# K-Means Clustering


In [None]:
import numpy as np
import pandas as pd
from sklearn.cluster import KMeans
from sklearn.decomposition import PCA
from matplotlib import pyplot as plt
from collections import Counter
import seaborn as sns
import os
%matplotlib inline

In [None]:
from google.colab import files
uploaded = files.upload()

In [None]:
import io
df = pd.read_csv(io.BytesIO(uploaded['OnlineNewsPredition_Reduced.csv']))

In [None]:
list(df.columns)

In [None]:
# Generate new data frame removing the sepcified variables

df_num = df.drop(["shares"],axis = 1)
list(df_num.columns)

In [None]:
sse = []
k_rng = range(1,10)
for k in k_rng:
    km = KMeans(n_clusters=k)
    km.fit(df_num)
    sse.append(km.inertia_)

In [None]:
plt.xlabel('K')
plt.ylabel('Sum of squared error')
plt.plot(k_rng,sse)# Create a new dataframe to add the new cluster variable
df_num1 = df_num

In [None]:
# create a KMeans object with k=4
km = KMeans(n_clusters=4)

# fit the KMeans object to the dataset assigning to y_predicted
y_predicted = km.fit_predict(df_num)
y_predicted

In [None]:
# Create a new dataframe to add the new cluster variable
df_num_cluster = df_num

In [None]:
# Add the cluster value in new variable 'cluster' in the main dataset 'df1'

df_num_cluster['cluster']=y_predicted
df_num_cluster.head()

In [None]:
#gives predicted class labels (cluster) for each data point
km.labels_

### Check the total count of observation belongs to specific cluster


In [None]:
Counter(km.labels_)

# Analysing the underlying features in clusters

In [None]:
# Fit the KMeans object to the dataset (assuming df_num is your dataset)
k = 4
km = KMeans(n_clusters=k, n_init=10) # we put n_init=10 to not change the centroids 
km.fit(df_num) 

In [None]:
# Extract the centroids
centroids = km.cluster_centers_

# Create a DataFrame with the centroids
centroids_df = pd.DataFrame(centroids, columns=df_num.columns)


In [None]:
print("Centroids:")
print(centroids_df)

In [None]:
# Perform PCA to reduce dimensionality for visualization
pca = PCA(n_components=2)
reduced_data = pca.fit_transform(df_num)

## Visualizing clusters

In [None]:
# Create a DataFrame for reduced data and cluster labels
results = pd.DataFrame(reduced_data, columns=['pca1', 'pca2'])
results['cluster'] = km.labels_


In [None]:
# Set the style and color palette
sns.set(style="whitegrid")
color_palette = sns.color_palette("husl", k)

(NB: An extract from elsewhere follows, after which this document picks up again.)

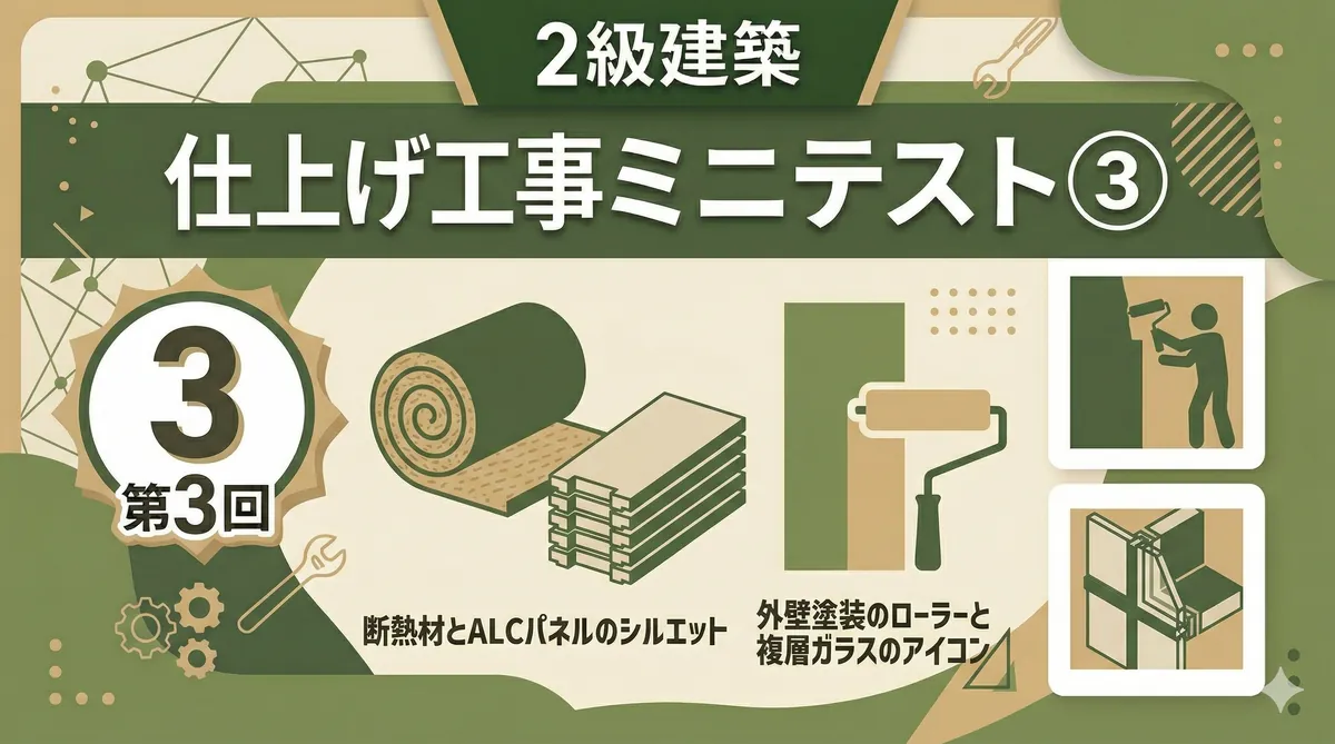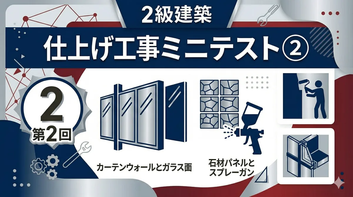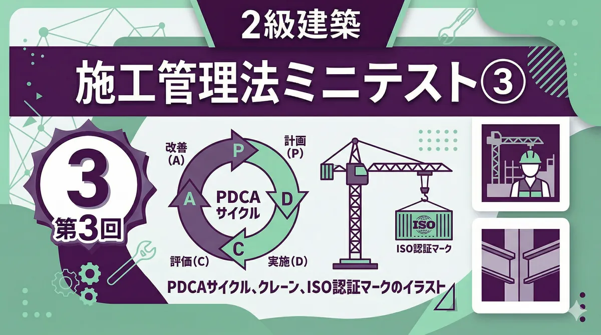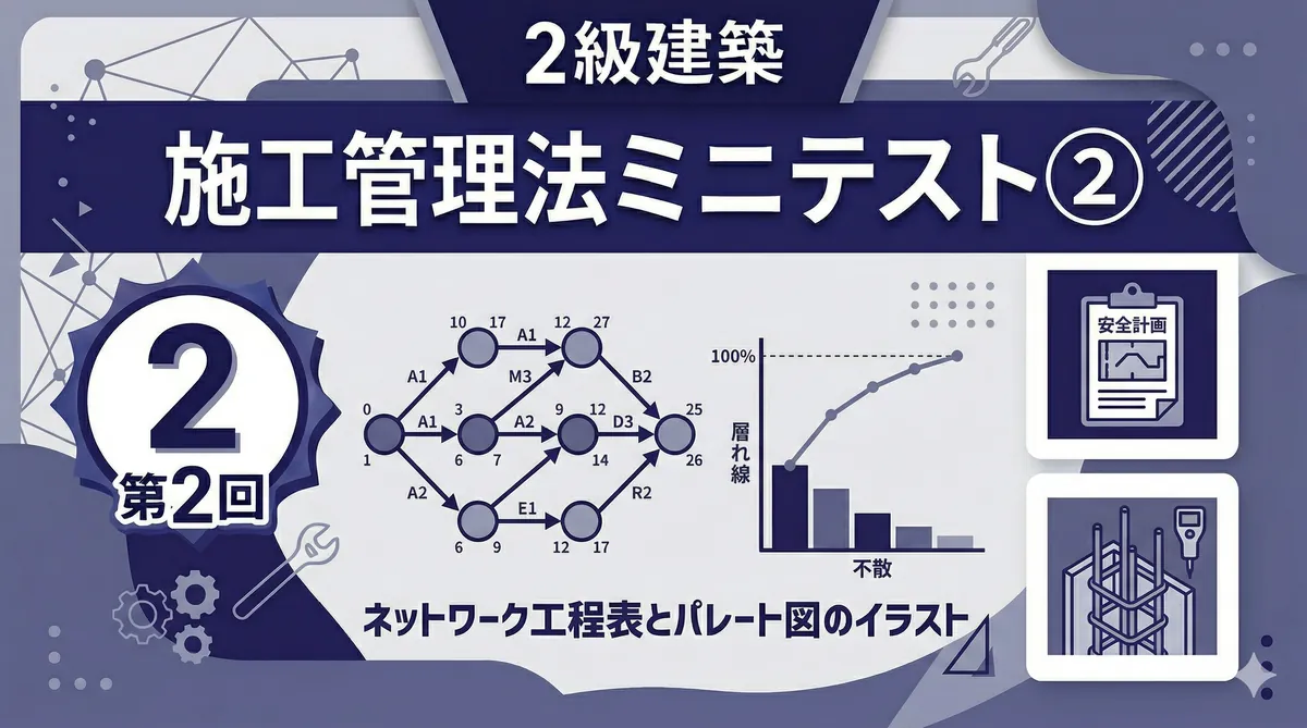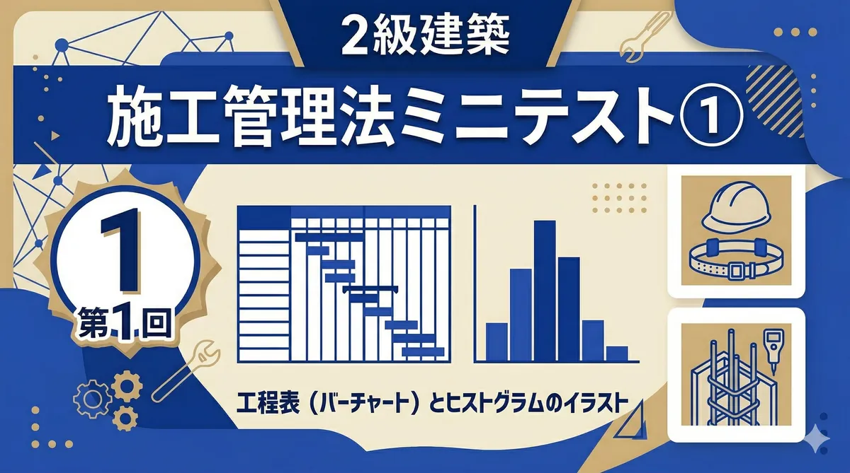 2級建築施工管理技士 施工経験記述(品質管理)ミニテスト 第2回 結論から言います。第2回は防水工事とタイル工事の品質管理がテーマです。どちらも「施工後に見えなくなる」部分の品質を確保する点が共通しています。 第1回のコンクリート工事に続き、仕上げ工事における品質管理の記述力を鍛えましょう。「施工経験記述の書き方(品質管理)例文・採点ポイント」の内容を実践する練習です。 テスト情報 形式:記述式(模範解答付き) 問題数:3問(テーマ選択+課題・対策・結果の記述練習) テーマ:防水工事またはタイル工事の品質 ...

# Create a scatter plot with improved colors
plt.figure(figsize=(10, 6))

for i in range(k):
    plt.scatter(
        results[results['cluster'] == i]['pca1'],
        results[results['cluster'] == i]['pca2'],
        label=f'Cluster {i+1}',
        c=[color_palette[i]],
        alpha=0.6,
        edgecolors='black',
        linewidth=1
    )

# Add centroids to the scatter plot
reduced_centroids = pca.transform(centroids)
for i in range(k):
    plt.scatter(reduced_centroids[i, 0], reduced_centroids[i, 1], marker='*', s=200, c=[color_palette[i]], label=f'Centroid {i+1}')

plt.xlabel('PCA 1')
plt.ylabel('PCA 2')
plt.title('K-Means Clustering Visualization with PCA')
plt.legend()
plt.show()